Entries taken from a collection —
-- -- --

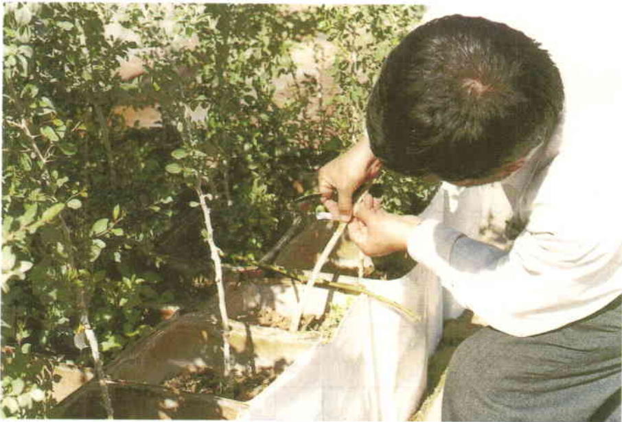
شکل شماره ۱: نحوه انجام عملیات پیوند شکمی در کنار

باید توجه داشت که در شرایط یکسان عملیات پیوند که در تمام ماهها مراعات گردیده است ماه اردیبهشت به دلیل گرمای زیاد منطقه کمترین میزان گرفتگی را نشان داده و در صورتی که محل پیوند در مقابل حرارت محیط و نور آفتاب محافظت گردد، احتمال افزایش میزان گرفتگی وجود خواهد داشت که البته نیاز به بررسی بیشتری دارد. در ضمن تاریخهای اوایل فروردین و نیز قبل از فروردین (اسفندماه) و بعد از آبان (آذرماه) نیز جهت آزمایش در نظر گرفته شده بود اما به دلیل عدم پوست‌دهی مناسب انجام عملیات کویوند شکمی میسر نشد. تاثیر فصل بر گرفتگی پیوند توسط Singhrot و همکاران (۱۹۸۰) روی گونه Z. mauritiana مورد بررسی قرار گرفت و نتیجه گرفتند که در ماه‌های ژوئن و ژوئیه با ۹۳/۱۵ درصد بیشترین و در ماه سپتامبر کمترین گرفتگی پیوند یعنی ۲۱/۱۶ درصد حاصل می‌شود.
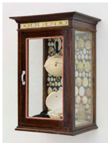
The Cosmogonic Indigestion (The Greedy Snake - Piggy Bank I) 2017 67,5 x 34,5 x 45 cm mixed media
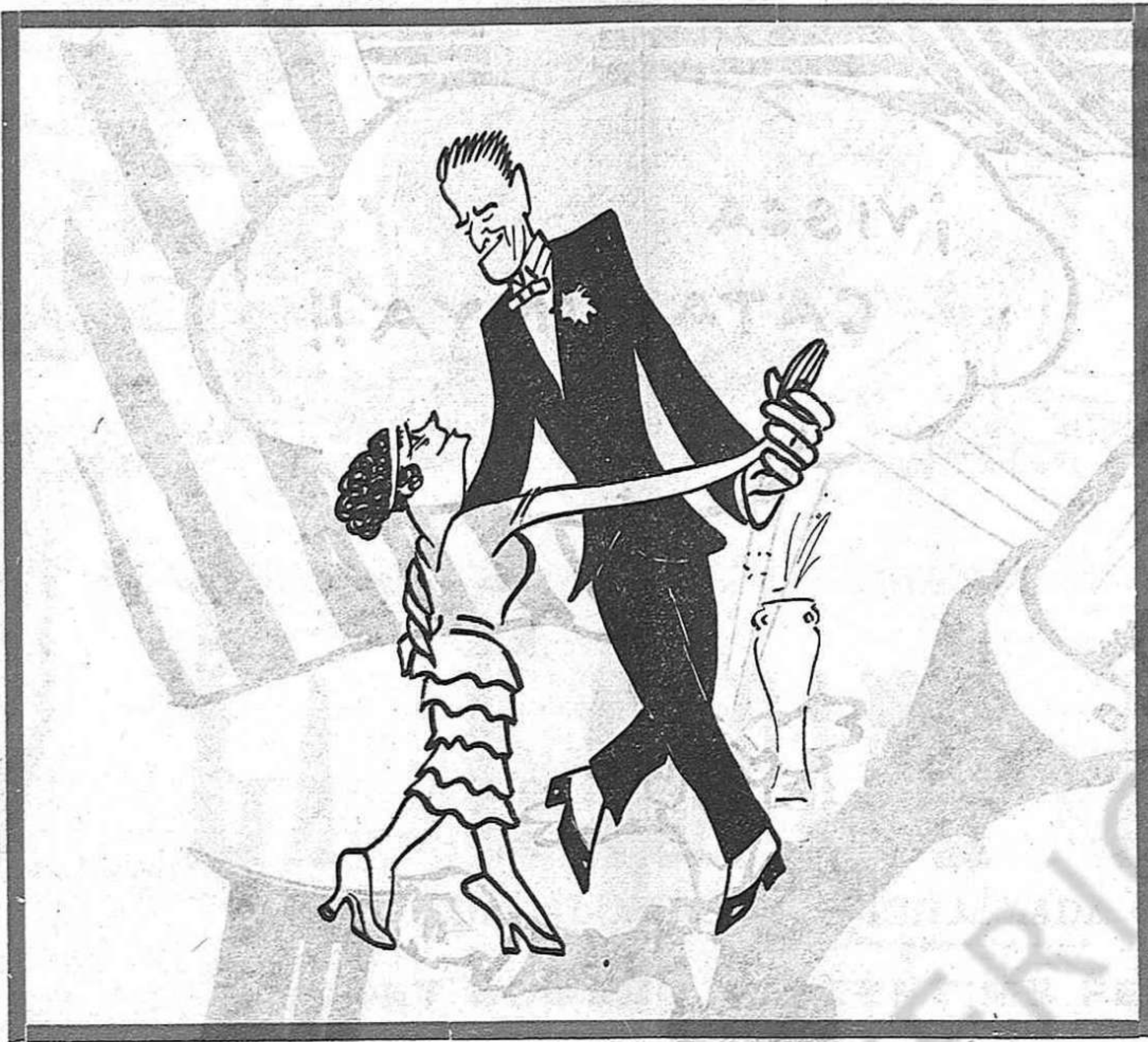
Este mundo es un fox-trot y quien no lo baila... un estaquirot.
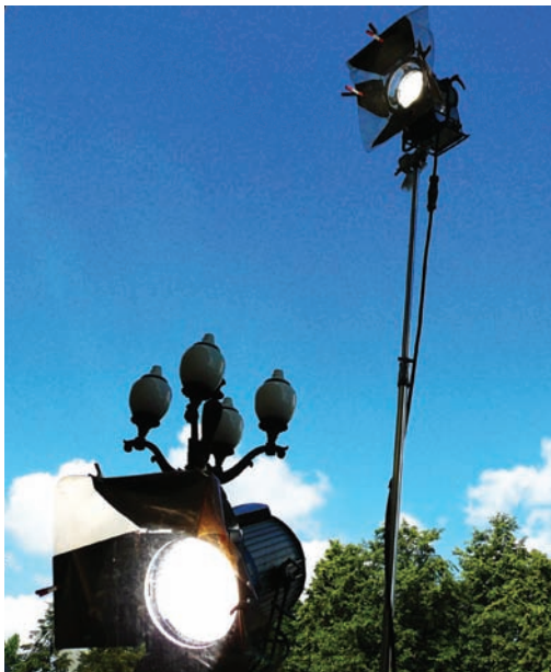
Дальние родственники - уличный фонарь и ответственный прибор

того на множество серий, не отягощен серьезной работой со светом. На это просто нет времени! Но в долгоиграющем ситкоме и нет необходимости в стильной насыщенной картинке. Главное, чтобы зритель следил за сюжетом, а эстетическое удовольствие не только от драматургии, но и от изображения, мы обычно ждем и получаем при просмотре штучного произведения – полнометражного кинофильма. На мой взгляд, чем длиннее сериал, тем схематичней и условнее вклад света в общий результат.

-- -- --

Write out the entries again, word for word. No images.

Your response —
شکل شماره ۱: نحوه انجام عملیات پیوند شکمی در کنار

باید توجه داشت که در شرایط یکسان عملیات پیوند که در تمام ماهها مراعات گردیده است ماه اردیبهشت به دلیل گرمای زیاد منطقه کمترین میزان گرفتگی را نشان داده و در صورتی که محل پیوند در مقابل حرارت محیط و نور آفتاب محافظت گردد، احتمال افزایش میزان گرفتگی وجود خواهد داشت که البته نیاز به بررسی بیشتری دارد. در ضمن تاریخهای اوایل فروردین و نیز قبل از فروردین (اسفندماه) و بعد از آبان (آذرماه) نیز جهت آزمایش در نظر گرفته شده بود اما به دلیل عدم پوست‌دهی مناسب انجام عملیات کویوند شکمی میسر نشد. تاثیر فصل بر گرفتگی پیوند توسط Singhrot و همکاران (۱۹۸۰) روی گونه Z. mauritiana مورد بررسی قرار گرفت و نتیجه گرفتند که در ماه‌های ژوئن و ژوئیه با ۹۳/۱۵ درصد بیشترین و در ماه سپتامبر کمترین گرفتگی پیوند یعنی ۲۱/۱۶ درصد حاصل می‌شود.
The Cosmogonic Indigestion (The Greedy Snake - Piggy Bank I) 2017 67,5 x 34,5 x 45 cm mixed media
Este mundo es un fox-trot y quien no lo baila... un estaquirot.
Дальние родственники - уличный фонарь и ответственный прибор

того на множество серий, не отягощен серьезной работой со светом. На это просто нет времени! Но в долгоиграющем ситкоме и нет необходимости в стильной насыщенной картинке. Главное, чтобы зритель следил за сюжетом, а эстетическое удовольствие не только от драматургии, но и от изображения, мы обычно ждем и получаем при просмотре штучного произведения – полнометражного кинофильма. На мой взгляд, чем длиннее сериал, тем схематичней и условнее вклад света в общий результат.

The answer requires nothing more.